“Un viernes de locos”, la película de Disney de 2003, fue todo un éxito, gracias a la excelente química que tuvieron en pantalla, Jamie Lee Curtis, y una joven estrella en ascenso, Lindsay Lohan, las cuales formaban parte de este nuevo remake que logró cautivar a las audiencias gracias a las divertidas situaciones que vivían, a la buena interpretación de cada una de ellas, y a ese lado musical que la casa del ratón siempre se ha empeñado en colocar en todos sus filmes, teniendo una canción muy pegajosa, que hasta hoy en día los fans recuerdan con nostalgia… “Take me away”.

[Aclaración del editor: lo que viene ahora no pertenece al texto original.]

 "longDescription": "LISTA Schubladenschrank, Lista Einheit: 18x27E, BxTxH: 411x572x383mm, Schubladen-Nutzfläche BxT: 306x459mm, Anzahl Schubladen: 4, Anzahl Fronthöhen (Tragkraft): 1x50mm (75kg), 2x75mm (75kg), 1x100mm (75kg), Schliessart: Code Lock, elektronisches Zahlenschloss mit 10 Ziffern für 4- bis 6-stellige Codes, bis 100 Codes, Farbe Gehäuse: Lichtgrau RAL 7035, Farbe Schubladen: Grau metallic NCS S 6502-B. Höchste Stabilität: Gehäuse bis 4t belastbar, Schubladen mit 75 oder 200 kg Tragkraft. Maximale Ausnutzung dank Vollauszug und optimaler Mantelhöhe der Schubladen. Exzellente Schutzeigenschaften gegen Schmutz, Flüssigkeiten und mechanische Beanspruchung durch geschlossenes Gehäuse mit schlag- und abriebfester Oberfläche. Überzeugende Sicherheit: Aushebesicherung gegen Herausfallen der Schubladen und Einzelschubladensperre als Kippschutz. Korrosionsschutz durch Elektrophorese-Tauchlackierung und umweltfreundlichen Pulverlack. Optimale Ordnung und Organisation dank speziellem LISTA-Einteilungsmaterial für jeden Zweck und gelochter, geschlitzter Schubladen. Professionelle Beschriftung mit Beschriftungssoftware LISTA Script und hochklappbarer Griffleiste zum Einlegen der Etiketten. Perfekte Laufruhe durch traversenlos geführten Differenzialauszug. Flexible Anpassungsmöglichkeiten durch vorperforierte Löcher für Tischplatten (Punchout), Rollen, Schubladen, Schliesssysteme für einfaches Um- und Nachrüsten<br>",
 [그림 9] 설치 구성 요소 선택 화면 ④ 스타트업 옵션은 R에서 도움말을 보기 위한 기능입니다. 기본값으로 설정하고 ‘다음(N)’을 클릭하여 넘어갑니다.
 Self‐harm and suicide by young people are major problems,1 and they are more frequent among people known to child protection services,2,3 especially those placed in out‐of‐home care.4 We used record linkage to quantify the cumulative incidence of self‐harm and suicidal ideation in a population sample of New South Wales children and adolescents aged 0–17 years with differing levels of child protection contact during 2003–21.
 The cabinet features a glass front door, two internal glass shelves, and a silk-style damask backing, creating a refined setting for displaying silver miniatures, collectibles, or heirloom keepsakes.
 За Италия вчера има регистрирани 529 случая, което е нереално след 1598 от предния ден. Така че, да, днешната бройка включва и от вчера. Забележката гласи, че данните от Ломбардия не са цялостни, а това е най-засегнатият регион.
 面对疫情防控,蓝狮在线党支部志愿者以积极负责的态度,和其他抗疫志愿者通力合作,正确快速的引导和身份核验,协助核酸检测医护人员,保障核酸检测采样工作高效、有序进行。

Debo ser sincero, dejé de ser partidario de nuevas versiones o continuaciones de las historias que en su momento fueron todo un éxito, y esto es porque muchos regresos han sido innecesarios, y eso es lo que nos hace estar en una línea muy delgada con “Otro viernes de locos”, la cual arriba 22 años después con un aire actualizado, con el mismo carisma positivo de las protagonistas, con varias caras conocidas de la cinta del 2003 que realizan participaciones especiales, pero con una historia algo repetida que se justifica pero no logra encantar en totalidad, principalmente por ese aire forzado, con nuevos personajes insípidos y un sube y baja de situaciones que rayan muchas veces en lo ridículo, raro, sin dejar de lado lo meloso y emotivo, pero donde extrañamente nos reímos mucho por la chispa de Lohan y Curtis, que sin duda son encantadoras.

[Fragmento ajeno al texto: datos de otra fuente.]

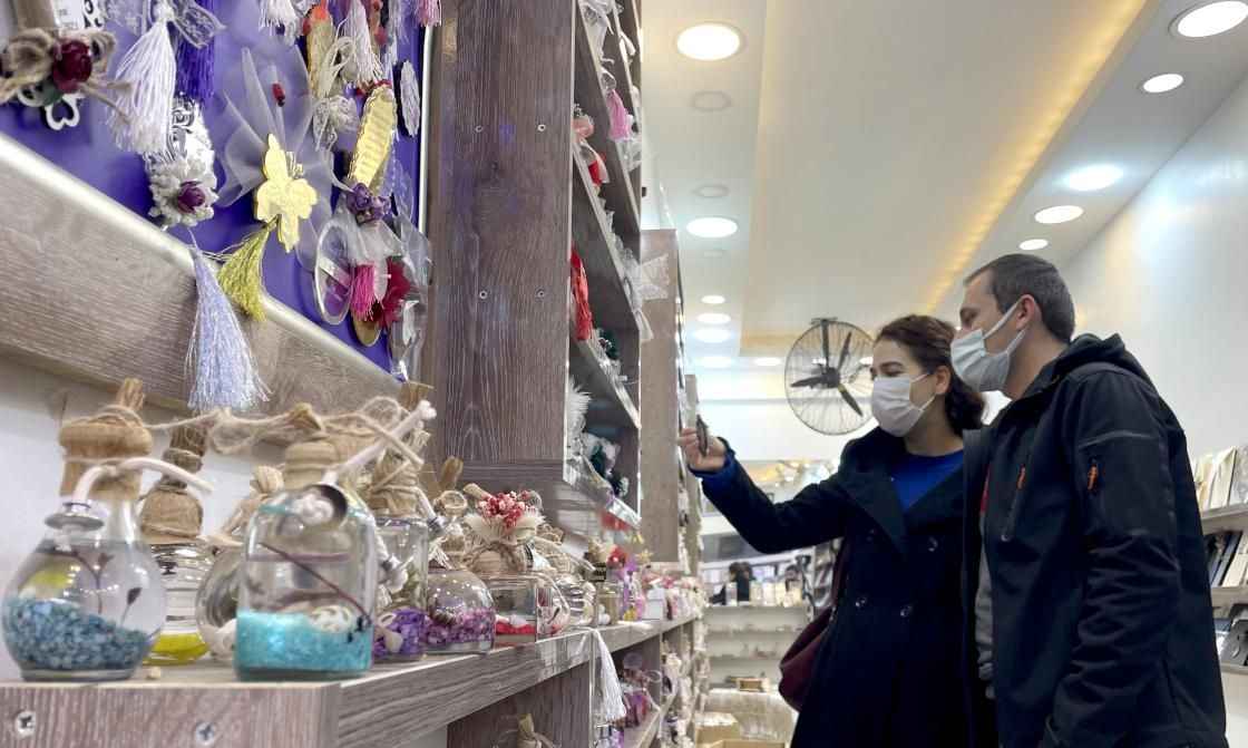Esnaf Hasan Çimen, pandemi kapsamında uygulanan kısıtlama kararlarının kaldırılmasının ardından işlerin hareketlendiğini, nikah şekeri ve hediyeliklere yurt içi ve yurt dışından yoğun talep olduğunu, havaların soğumasıyla hareketliliğin biraz azaldığını söyledi.
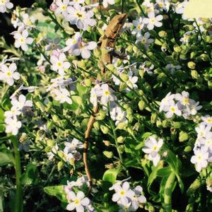 忘れな草のようなかわいい青いお花を お迎えした(о´∀`о) バラの間に キャットミントとともに植え込み〜〜💙 朝から 水撒きしているオット君 お願いだから 花の上からの 水撒きは やめてほしいのだ( ;∀;)
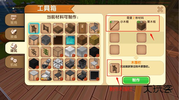 接着打开工具箱,制作木围栏。
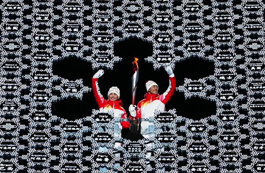2022年2月4日晚,第二十四屆冬季奧林匹克運(yùn)動(dòng)會(huì)開(kāi)幕式在北京國(guó)家體育場(chǎng)舉行。這是最后一棒火炬手迪妮格爾·衣拉木江和趙嘉文(右)。新華社記者 曹燦 攝
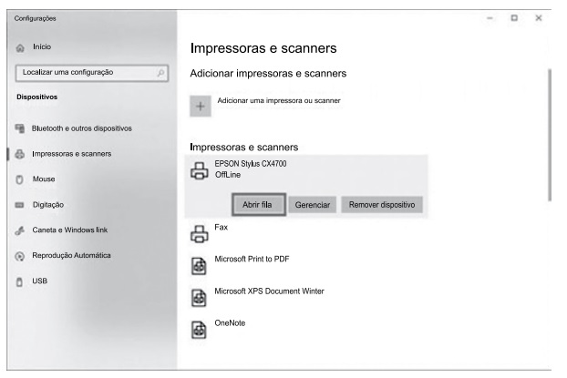 Usando o Microsoft Windows 10, em sua configuração padrão, um usuário enviou para a impressora um documento criado no Bloco de Notas, uma imagem do Paint e um documento do Wordpad. Enquanto o documento do Bloco de Notas ainda estava sendo impresso, esse usuário abriu a janela de Configuração do Painel de Controle e, dentro de Impressoras e scanners clicou no botão Abrir fila da impressora EPSON Stylus CX4700, conforme destaque na imagem a seguir.
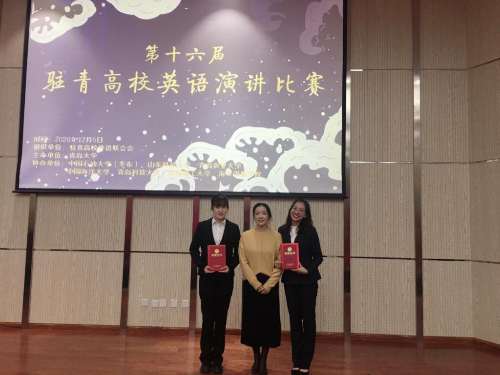 12月5日,第十六届驻青高校英语演讲比赛在青岛大学举行,该比赛是青岛地区高校英语演讲最高级别的传统赛事,来自中国海洋大学、中国石油大学、冰球突破mg正规官网等8所高校的选手参加了比赛。冰球官网日语专业学生张川慧子获得一等奖,英语专业学生李涵婧获得三等奖,英语系陈莹莹老师获得优秀指导教师奖。
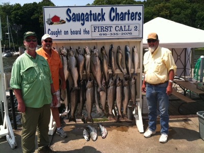 The Kings have shown up in Saugatuck. What a difference from the first part of the week to the weekend with creels containing more and more Chinook salmon each day. We started the week with very cold water and catches consisting of mainly Lake Trout but a few salmon and steelhead in the mix. By the weekend the catches consisted of limit catches of Chinook salmon and Steelhead and an occasional Lake Trout mixed in. On Saturday, our group from Louisville, Ky. Caught 25 fish of which only 3 were Lake Trout. That group, (fishing 3 days) took over 400 pounds of fillets back to Louisville to feed the friends and families.
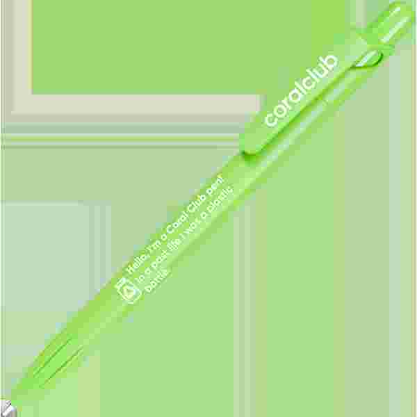 Penna a sfera con meccanismo a pulsante realizzata in materiale PET-RECYCLED con la scritta "Ciao, sono una penna Coral Club! Nella vita precedente sono stata una lattina di plastica".

No puedo negar que a la cinta se le aplaude tener de regreso a las mismas protagonistas, y también incluir a varios de los actores que dieron vida a los personajes de la película de antaño, como es el caso de Mark Hamon, el esposo de la Dra. Tess; Christina Vidal y Haley Hudson, las chicas integrantes de la banda de Anna; Ryan Malgarini, el hermano de Anna; Stephen Tobolowsky como el Sr. Elton, y Chad Michael Murray, el estreno galán de madre e hija, y que si bien súper equis en el pasado, aquí lo es más a un grado lamentable; lo que le otorga un toque de nostalgia que no se puede evitar, pero precisamente todos están totalmente desaprovechados por darle valor a los nuevos personajes como Manny Jacinto como Eric, el nuevo interés romántico de Anna; Julia Butters y Sophia Hammons, como Harper y Lily, las hijas respectivamente de estos últimos y quienes de inicio me costó mucho trabajo conectar con ellas; Vanessa Bayer como madame Jen, encargada de dar la nueva frase “El sentir de algunos debes cambiar, para regresar a donde debes estar”, ahora responsable de la conversión de cuerpos y con un personaje estresante, y Maitreyi Ramakrishnan como la cantante Ella, siendo ésta última un claro ejemplo de sobra ya que su personaje de súperestrella es totalmente innecesario.

Me quedo con el hecho de saber que las ganas de hacer una buena continuación sí se notan, porque en realidad son demasiadas las carcajadas que vamos a pasar en la sala de cine con ese humor actualizado entre Lindsay Lohan y Jamie Lee Curtis gracias a su excelente química, que si bien rayan en lo ridículo debido al guión, son encantadoras; regresa el cast original secundario, y es triste que estuvieron muy desaprovechados, y de los nuevos personajes algunos se salvan, mientras que otros, en especial las dos nuevas jóvenes, nos cuesta un poco conectar con ellas de inicio, pero las terminamos aceptando; tendremos nuestro momento musical que tanto esperábamos, aunque no tiene la chispa original, pero la realidad, este regreso ha sido sencillo al retomar el ya trillado argumento del intercambio de cuerpos, pero se les agradece incluir en el soundtrack “Spice up your life” de Spice Girls.